St Mary’s principal was a
severe-looking bald man who demonstrated his eccentricity and his modernism
through the medium of Vespas. He rode his scooter everywhere. He travelled even
the short distance from St Joseph’s, where the brothers lived and which was to
be my next college, to St Mary’s by scooter. It was one block away. He put his
helmet on, started the scooter, turned one corner, and he was at work. When I
told him how I had become so expert at upsetting adults, he immediately sat
down so as to bring himself on the same level with me. He spoke to me with an
unfeigned concern about how important it was for me to avoid the man in my
mother’s restaurant. I knew the nameless thing he was warning me against. I had
sensed it, but not felt in any danger.
On sports days many of the St Mary’s
students would walk along Victoria Street to the Melbourne City Baths to go
swimming.
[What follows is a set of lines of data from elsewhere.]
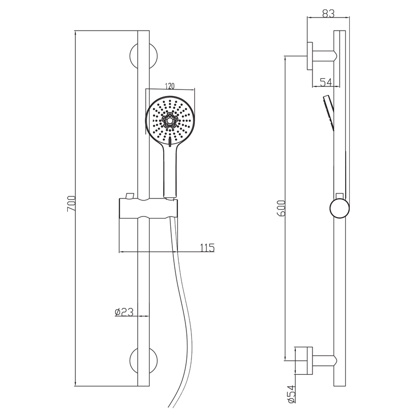 Parametry produktu  Sprchová souprava, posuvný držák 700mm, černá mat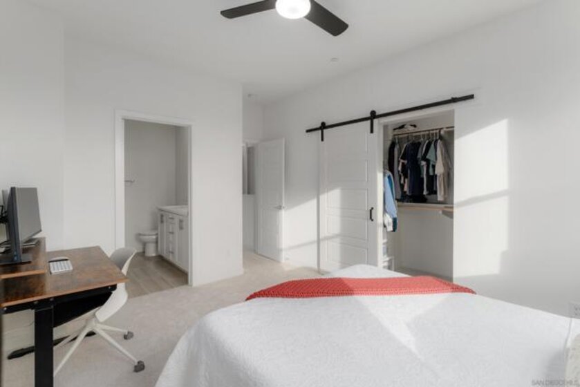 Sunset west-facing views! 2022 build. Very rare to have views at this price point — truly the best deal in Civita! Welcome to 3045 Marquee Way, located in the highly desirable Marquee at Civita community in the heart of Mission Valley. This modern 2022-built home features one bedroom plus a spacious loft and showcases premium upgradesthroughout, including enhanced flooring, designer lighting, sleek countertops, high-end appliances, a large closet, and generous storage space. Enjoy the convenience of an oversized one-car garage and the exceptional lifestyle that Civita is known for. Residents have exclusive access to resort-style amenities such as a state-of-the-art recreation center, two sparkling pools, a two-story fitness center, scenic walking and hiking trails, and a beautifully designed 16-acre park. Nearby parks, shopping, dining, and additional trails make this location as practical as it is desirable. Don’t miss this rare opportunity to own a view home at an unbeatable value in Civita!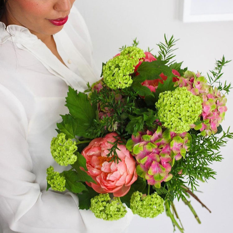 Cecilia Nilsson håller i en magisk Floristens val med sommarens sägongsblommor. Stora pioner kombinerade tillsammans med maffig snitthortensia, viburnum och grönt.

One of the younger religious brothers at the school inexplicably
decided to go swimming with us, which required him to be naked in the
changerooms. When this happened, I suspected he was secretly trying to announce
that the brothers were, after all, ordinary men. We thought his arse was too
hairy and were distressed we had to look at it.
In the first years of the 1970s, boys
of my age could see the chaos in Vietnam had been worsening, even as news of
Australia’s decreasing involvement in the war there made no impression on me at
all. No adult ever mentioned or tried to justify to me why Australia was
involved in the fighting. It seemed to have escaped the notice of the adult
world that there were children waiting in the wings of its drama and we had no
idea what we were going to say or do when it was time for us to be pushed into
the spotlight. The matter was urgent because we sensed our bodies were changing
even as the threat of conscription increased. The election of a Labor
government was a relief.
When we were fifteen a classmate and I experimented with the social effects of our own precocious hairiness by going to an R-rated double-bill at the Forum Theatre on the corner of Russell and Flinders Streets in Melbourne. It was the 1973 version of The Wicker Man, followed by something in the vampire-sexploitation genre. The first movie seemed to be about burning Christians. We were disappointed there was not more sex, naked actresses notwithstanding. During the intermission we discovered that our hairy-arsed teacher had also been in the audience with us. He asked us if we liked the movie and we answered in a way that avoided telling him what we really thought, while still pretending to be three years older than we were. I do not think it worked, but he did not seem to mind.
1974: Arnold Schwarzenegger in Melbourne, Australia.
At St Joseph’s College, in 1974, a
beautiful student whose parents came from Sri Lanka started calling me “Stevie
Wonder” and tickled my palm flirtatiously when he shook my hand. Was I being
mocked or flattered? Gough Whitlam was prime minister and anything seemed
possible. I listened to Motown, and liked it. Arnold Schwarzenegger came to
Melbourne. (There is a photograph of him flexing his muscles as he stands on
the tram tracks in Bourke Street. The long-haired boy in the striped shirt and
bell-bottom trousers standing behind him is not me— but
the claim of resemblance to my former self is credible, and several times I used
the photograph to ‘prove’ I once had a chance to push Conan, the barbarian,
under a moving vehicle.)
It was the golden age of religious
educational indifference. The Christian Brother who taught me nothing about
Australian history before 1788 stood one day behind a not-quite-closed door and
spied on the ‘Year 11 agnostic society’ pooh-poohing transubstantiation and
putting the resurrection of Jesus down to a bad case of food poisoning. When we
noticed him we expected our religious auditor to establish an inquisition.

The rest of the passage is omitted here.